![JohnSnowLabs](https://nlp.johnsnowlabs.com/assets/images/logo.png)

[![Open In Colab](https://colab.research.google.com/assets/colab-badge.svg)](https://colab.research.google.com/github/JohnSnowLabs/nlu/blob/master/examples/colab/healthcare/entity_resolution/entity_resolvers_overview.ipynb)



# Entity Resolution
**Named entities** are sub-strings in a text that can be classified into catogires. For example, in the String   
`"Tesla is a great stock to invest  in "` , the sub-string `"Tesla"` is a named entity, it can be classified with the label `company` by an ML algorithm.  
**Named entities** can easily be extracted by the various pre-trained Deep Learning based NER algorithms provided by NLU.
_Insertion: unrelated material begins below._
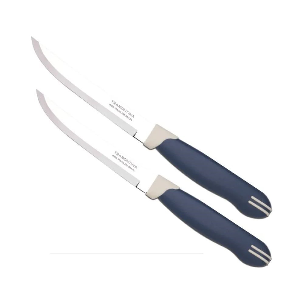 Набор ножей для стейков TRAMONTINA Multicolor 23527/215 предназначен для предварительной подготовки рыбы, птицы, мяса или дичи к кулинарной обработке. Модель позволяет легко отделять сочную мякоть от костей даже в сложных местах и нарезать куски необходимого размера в зависимости от запланированного блюда. Удобная пластиковая рукоять приятна на ощупь и не выскальзывает из ладони во время работы. Набор ножей для стейков создан с применением высококачественных безопасных материалов. Острый, тонкий клинок изготовлен из особого вида стали, сплав отличают высокие антикоррозийные свойства, прочность и жаростойкость. Режущий элемент не требует частой правки или заточки. В комплекте представлено два ножа, которые можно очищать как обычным способом, так и в посудомоечной машине.

After extracting **named entities** an **entity resolution algorithm** can be applied to the extracted named entities. The resolution algorithm classifies each extracted entitiy into a class, which reduces dimensionality of the data and has many useful applications.
For example :
- "**Tesla** is a great stock to invest in "
- "**TSLA**  is a great stock to invest  in "
- "**Tesla, Inc** is a great company to invest in"    

The sub-strings `Tesla` , `TSLA` and `Tesla, Inc` are all named entities, that are classified with the labeld `company` by the NER algorithm. It tells us, all these 3 sub-strings are of type `company`, but we cannot yet infer that these 3 strings are actually referring to literally the same company.    

This exact problem is solved by the resolver algorithms, it would resolve all these 3 entities to a common name, like a company ID. This maps every reference of Tesla, regardless of how the string is represented, to the same ID.

This example can analogusly be expanded to healthcare any any other text problems. In medical documents, the same disease can be referenced in many different ways.

With NLU Healthcare you can leverage state of the art pre-trained NER models to extract **Medical Named Entities** (Diseases, Treatments, Posology, etc..) and **resolve these** to common **healthcare disease codes**.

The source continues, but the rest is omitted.